Unsupervised stain augmentation enhanced glomerular instance segmentation on pathology images

Int J Comput Assist Radiol Surg. 2024 Jun 7. doi: 10.1007/s11548-024-03154-7. Online ahead of print.

Abstract

Purpose: In pathology images, different stains highlight different glomerular structures, so a supervised deep learning-based glomerular instance segmentation model trained on individual stains performs poorly on other stains. However, it is difficult to obtain a training set with multiple stains because the labeling of pathology images is very time-consuming and tedious. Therefore, in this paper, we proposed an unsupervised stain augmentation-based method for segmentation of glomerular instances.

Methods: In this study, we successfully realized the conversion between different staining methods such as PAS, MT and PASM by contrastive unpaired translation (CUT), thus improving the staining diversity of the training set. Moreover, we replaced the backbone of mask R-CNN with swin transformer to further improve the efficiency of feature extraction and thus achieve better performance in instance segmentation task.

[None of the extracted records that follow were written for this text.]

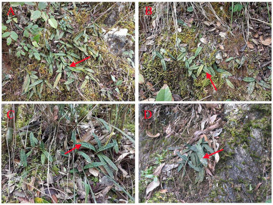Different habitats of P. micranthum in different locations: (A) under tree base in Shedu—SDT; (B) under tree base in Xiaobazi—XBZT; (C) under shrub base in Xiaobazi—XBZS; (D) lithophyte in Xiaobazi—XBZL. Red arrows in the pictures showed the individuals of P. micranthum.
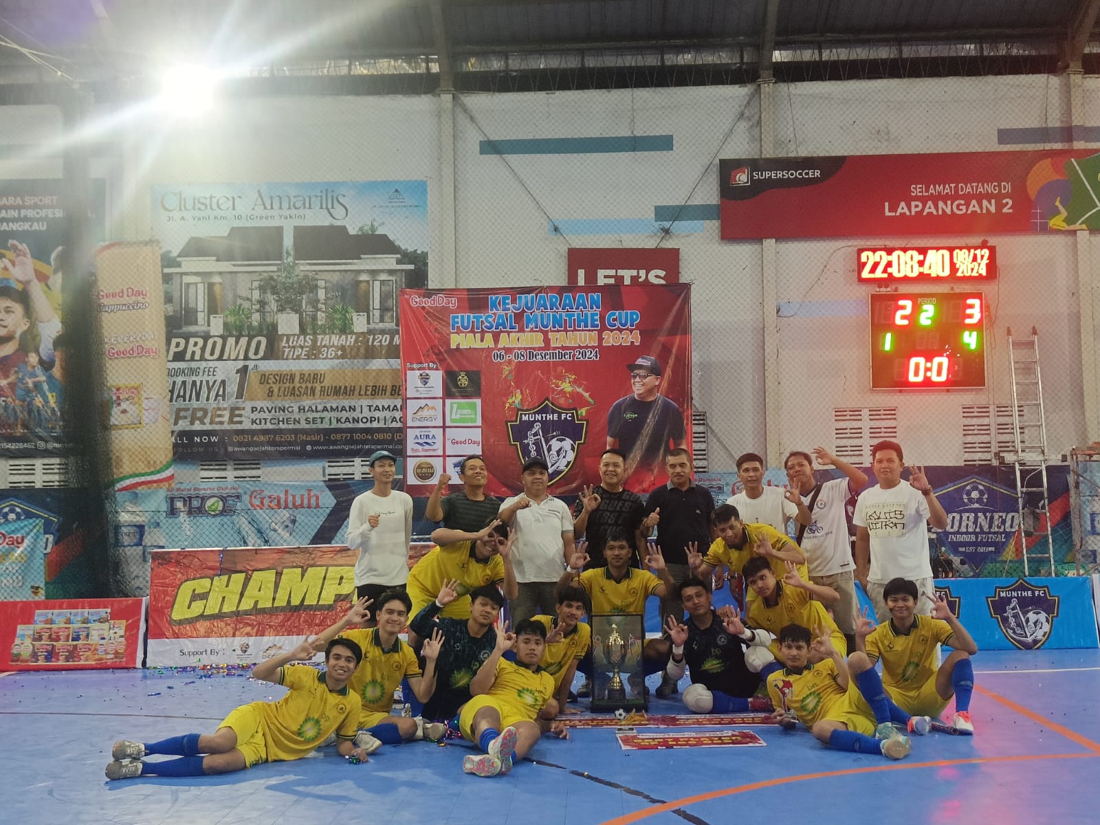 Banjarmasin, BARITOPOST.CO.ID – Tim futsal asal DKI Jakarta, Sulcata FC, sukses memboyong Piala Munthe Futsal Cup 2024. Keberhasilan itu setelah mengalahkan Savu FC (Samarinda) yang berakhir 3-2 dipertandingan final, Minggu (8/12/2024) malam di Borneo Indoor Futsal, Banjarmasin.
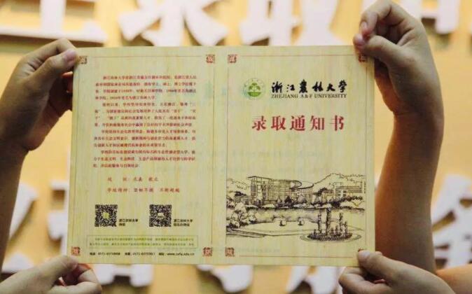 浙江农林大学的录取通知书可不是一张简简单单的纸,它是展现农林特色的名片。整体以毛竹为原材料,运用学校自主研发的刨切微薄竹技术制作并印刷而成。这项技术技术曾先后获8项国家专利和技术发明奖二等奖。最关键的是,这一张张通知书还做了防腐处理,可以永久保存,真是太贴心了!
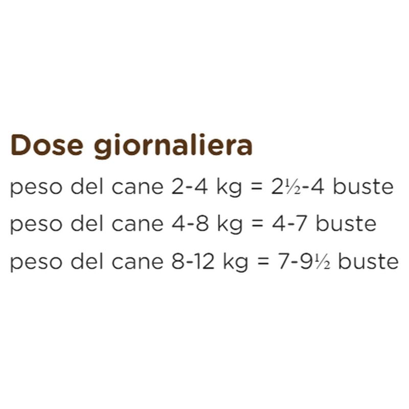 N.B. Il prodotto è disponibile nel formato busta multipack da 24x100G, nei seguenti gusti: Pesce bianco, Coniglio e ortaggi, Pollo e prosciutto, Vitello.
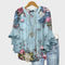 Pridėkite romantišką akcentą savo stiliui su šiuo mėlynos spalvos bluzonu, papuoštu įspūdingais gėlių raštais rožinėmis, mėlynomis ir baltomis spalvomis. Volanai ant rankovių suteikia elegancijos ir moteriškumo, o laisvas kirpimas daro jį idealia pasirinkimu bet kokiai progai.
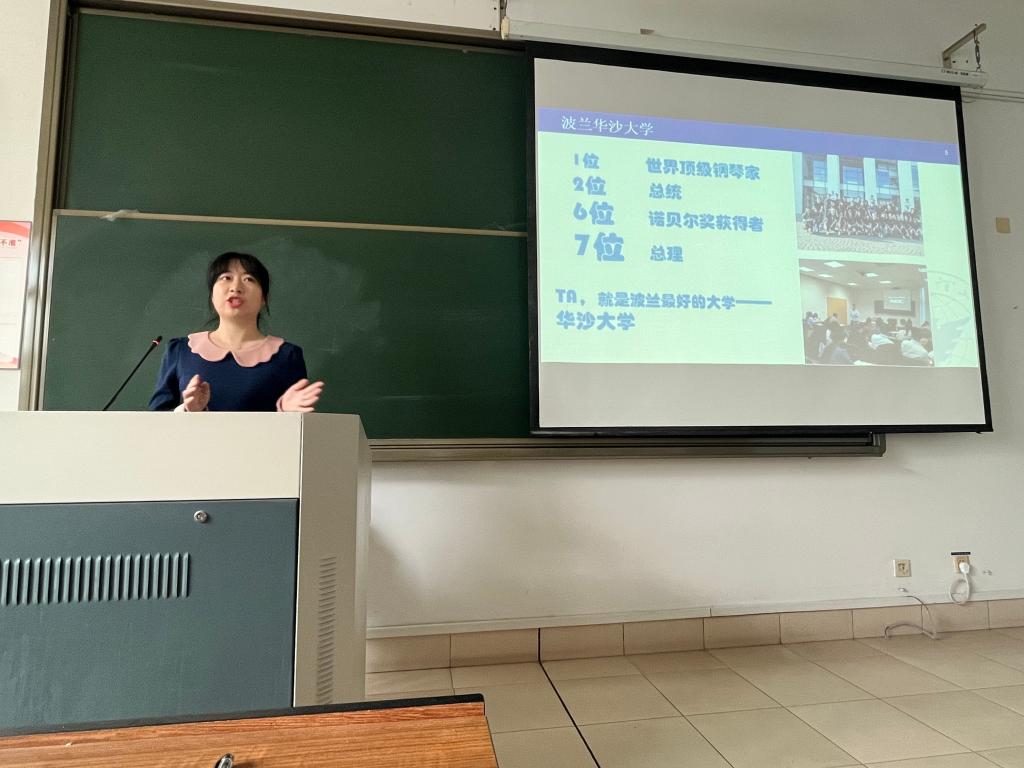 吴琼老师首先向在场学生介绍了我校开展暑期境外交流活动和校际合作的情况,鼓励同学们积极“走出去”,利用暑假时间体验海外优质课程。我校与波兰华沙大学紧密合作,2019年传法学院师生前往华沙大学暑期交流,2022年商学院组织两次在地国际化项目,多位参与项目的同学受益匪浅,已将在地国际化项目的课程内容融入自己的毕业论文设计中。
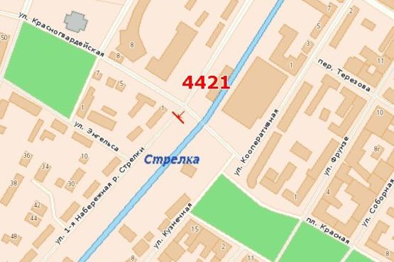 - Адреса: Покровська пл. - 1-а Набережна р. Стрілки вул.
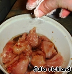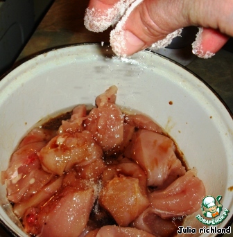 Подготовленное филе солим, перчим и маринуем в соевом соусе с добавлением специй.
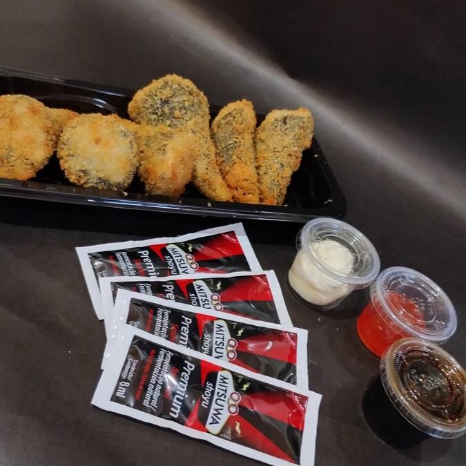 Acompanha ( 3 sachês shoyu, creme cheese , geleia de pimenta e teriaki)

Results: To validate the method presented in this paper, we constructed a dataset from 216 WSIs of the three stains in this study. After conducting in-depth experiments, we verified that the instance segmentation method based on stain augmentation outperforms existing methods across all metrics for PAS, PASM, and MT stains. Furthermore, ablation experiments are performed in this paper to further demonstrate the effectiveness of the proposed module.

Conclusion: This study successfully demonstrated the potential of unsupervised stain augmentation to improve glomerular segmentation in pathology analysis. Future research could extend this approach to other complex segmentation tasks in the pathology image domain to further explore the potential of applying stain augmentation techniques in different domains of pathology image analysis.

Keywords: Glomerular segmentation; Mask R-CNN; Pathology image analysis; Swin transformer; Unsupervised stain augmentation.